Functional Description

From the foregoing, it will be appreciated that the invention provides a novel and improved switching power supply operating in two stages. The first stage comprises a self oscillating, half-bridge, resonant inverter operating in open loop with a transformer in the output to provide isolation from the utility line. Feed-forward control is used to compensate for line variations. The feed-forward control will provide very small output voltage variations relative to input voltage variation. The second stage comprises a converter for load regulation which can be optimized for a very small input voltage variation because the input voltage variation is already eliminated, or at least greatly reduced by the operation of the inverter. This is very advantageous in terms of size reduction and efficiency, particularly for universal input line chargers.

It is important to note that each of the two stages can be used independently for different applications. For example, the disclosed embodiment of the inverter of Stage 1 could be used to drive a lamp in a ballast application as well as for driving the post-regulator disclosed for battery charging. In the disclosed system the limited input range permits the magnetics and filtering elements of the post-regulators to be optimized for cost and size improvements. Isolation of the feedback signal is no longer needed because the converter providing the output regulation does not need to be isolated. Moreover, the proposed system allows modularity of design. That is, different load regulation converters in the secondary can be used with the same self-oscillating half bridge and transformer, eliminating the need to redesign the entire converter. Also, more than one module could be used if several output are required. It should also be noted that power source 10 need not necessarily be an AC source, but may be a solar or other DC source. Other aspects and features of the present invention can be obtained from a study of the drawings, the disclosure, and the appended claims.

Claims

CLAIMS:

1. A two-stage switching power supply for connecting a power source (10) to a load (22), said power supply comprising: a) a first stage (SI) including: i) an input circuit (11) receiving power from said power source (10) and having an output; ii) a self oscillating, half-bridge, resonant inverter (16) connected to said output; and iii) a primary side of a transformer (18), said inverter operating in open loop with said primary side, the transformer providing isolation from said power source (10); and b) a second stage (S2) including: i) the secondary side of said transformer (18); and ii) post regulator circuitry (20)connected to said secondary side and having an output connected across said load (22).
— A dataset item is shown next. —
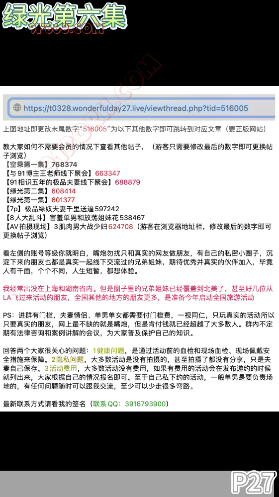 PS:进群有门槛,夫妻情侣、单男单女都需要付门槛费,一视同仁,只玩真实的活动所以只要真实的朋友,网上最不缺的就是嘴炮,但是肯付钱就已经超越了大多数人。群内不定期有法律咨询和案例讲解的会议,为大家普及保护自己的知识。
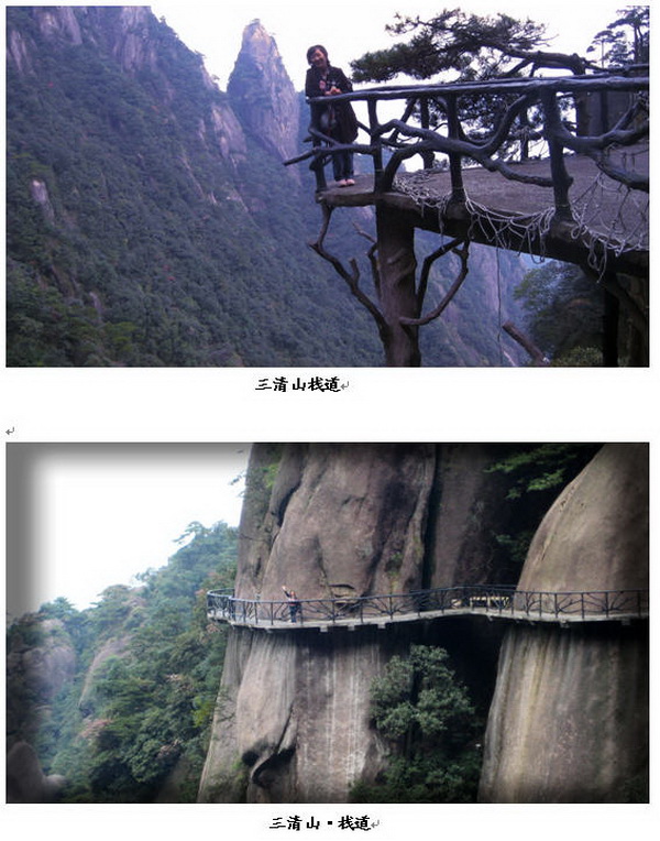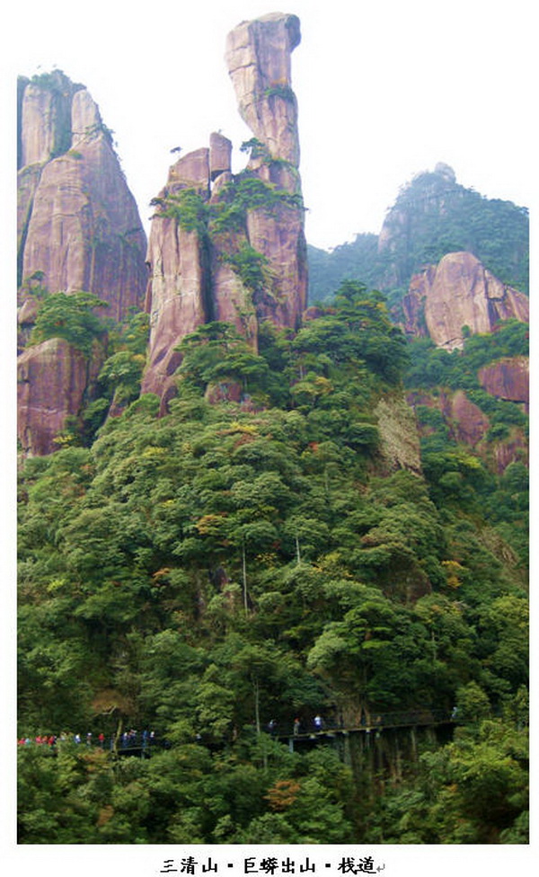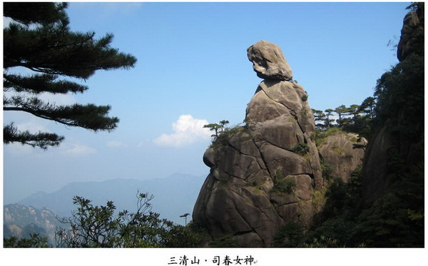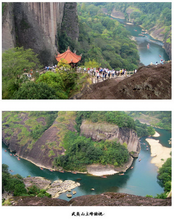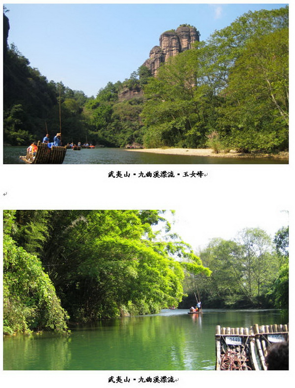 2008年10月中旬,海大退休办组织了景德镇-婺源-三清山-武夷山游,一路美景不断。这里,选些照片与大家分享。 婺源 婺:能文能武的女子;源:水的始出之处。主要景点有:李坑、晓起、彩虹桥、卧龙谷、灵岩洞。婺源乡下的宁静,镜子般的水塘,云样葱茏的绿树,别致的马头墙。 在婺源一县辖内,错落有致的徽式建筑,从千百年前传承下来,新建的房屋也全部按古制建造,形成婺源县内特色鲜明的建筑风格。李坑、晓起村、江湾一带,有保存完好的古建筑,处处巨大的古香樟,千百年前水流至今的绿色小河,水边浣衣的村妇,岸边绿树下水面薄薄的晨曦在一幅画中。 三清山 三清山,黄山的延续山脉。主峰玉京峰海拔1820米,因山有三峰,名为玉京、玉华、玉虚,如三清(即玉清、上清、太清)列坐其巅,故名三清山。 三清山十大绝景:司春女神、巨蟒出山、猴王献宝、玉女开怀、老道拜月、观音赏曲、葛洪献丹、神龙戏松、三龙出海、蒲牢鸣天。 三清山为历代道家修炼地。自晋朝葛云、葛洪来山以后,渐为道学名家所向往。三清山有“露天道教博物馆”之称。 武夷山九曲溪漂流 九曲溪,发源于华东大陆最高峰——武夷山脉主峰黄岗山,全长60多公里,由西向东穿过武夷山景区,盈盈一水,折为九曲,所以得名。现已成为武夷山国家重点自然保护区,保存了地球同纬度最完整、面积最大、最典型的中亚热带原生性森林生态系统。 武夷山,是老三纪红色砂砾岩的分布区,所以叫“丹山”。纵观天下名山,既能观山又能玩水者屈指可数。曲曲山回转,峰峰水抱流。九曲溪是山水和谐之美的典型代表。 虽然老伴65岁,我70,我们还是坚持着,沿着凿在巨大石头上的山崖小道,登上了“天游山”顶,武夷山脉、云窝景区和九曲溪的美景尽收眼底。从山顶鸟瞰,不愧为“天下第一漂”的九曲溪,像一条蓝宝石色彩带,弯弯曲曲镶在群山中。鱼贯小船,缓缓而行,美不胜收。

2. The switching power supply of claim 1 wherein said power source (10) is an AC power source and the input circuit (11) comprises a rectifier (14).

3. The switching power supply of claim 1 wherein said power source (10) is an AC power source and the input circuit (11) is a rectifier (14).

4. The switching power supply of claim 2 wherein said load (22) is a battery receiving a charge from said AC source (10) through said power supply.

5. The switching power supply of claim 2 wherein said input circuit (11) further comprises an EMI filter having an input connected to said AC source (10) and an output connected to said rectifier (14).

6. The switching power supply of claim 2 wherein said resonant inverter (16) comprises a first pair of solid state devices (Q1,Q2), each having a control input, and said first stage (SI) further comprises a square wave current source (26) providing control input signals to said first pair of devices (Q1,Q2) to effect self oscillation of said inverter (16).

7. The switching power supply of claim 6 wherein said first pair of solid state devices (Q1,Q2) are MOSFETs operating in a complementary manner.

8. The switching power supply of claim 6 wherein said inverter (16) further comprises a current transformer having first (51), second (52), and third (53) secondaries, said first and second secondaries being respectively connected to drive said control inputs of said first pair of devices (Q1,Q2), and said third secondary (53) being connected to said square wave current source (26) to provide a control signal thereto.

9. The switching power supply of claim 8 wherein said current transformer further includes a control winding and a current generating source (Fig. 5) which generates a current having a triangular waveform connected to said control winding.

10. The switching power supply of claim 9 wherein said waveform is synchronous with the resonant current and has an amplitude proportional to input voltage.

11. The switching power supply of claim 9 and further comprising an RC filter converting the square waveform of the voltage at the mid-point of said half bridge to a triangular waveform without DC component.

12. The switching power supply of claim 2 wherein said post regulator circuitry (20) comprises a converter connected to said transformer (18) secondary.

13. The switching power supply of claim 12 wherein said converter comprises a second pair of solid state devices (Q5,Q6), each having a control input, acting as a synchronous rectifier oriented for non-conduction when the respective channel is turned off.

14. The switching power supply of claim 13 wherein said second stage (S2) further comprises a PWM control circuit (34) providing control of the control input voltages of said second pair of solid state devices (Q5,Q6) to regulate the output current using the error signal representing the differences between the current sensed and the desired value.

15. The switching power supply of claim 13 or 14 wherein said second pair of devices (Q5, Q6) are MOSFETs.

16. The switching power supply of claim 14 wherein said load (22) is a battery receiving a charge from said AC source (10) through said power supply.

17. The switching power supply of claim 1 wherein the power source (10) is a source of electrical power, and wherein the input circuit (11) connects the said power source (10) to said inverter (16).

18. The switching power supply of claim 2 or 17 wherein feed-forward control is used in said first stage (S 1 ) to compensate for input line variations.

19. The switching power supply of claim 17 wherein said inverter (16) comprises the first pair of solid state devices (Ql, Q2), each having a control input, and said first stage (SI) further comprises a square wave current source (26) providing control input signals to said devices to effect self oscillation of said inverter.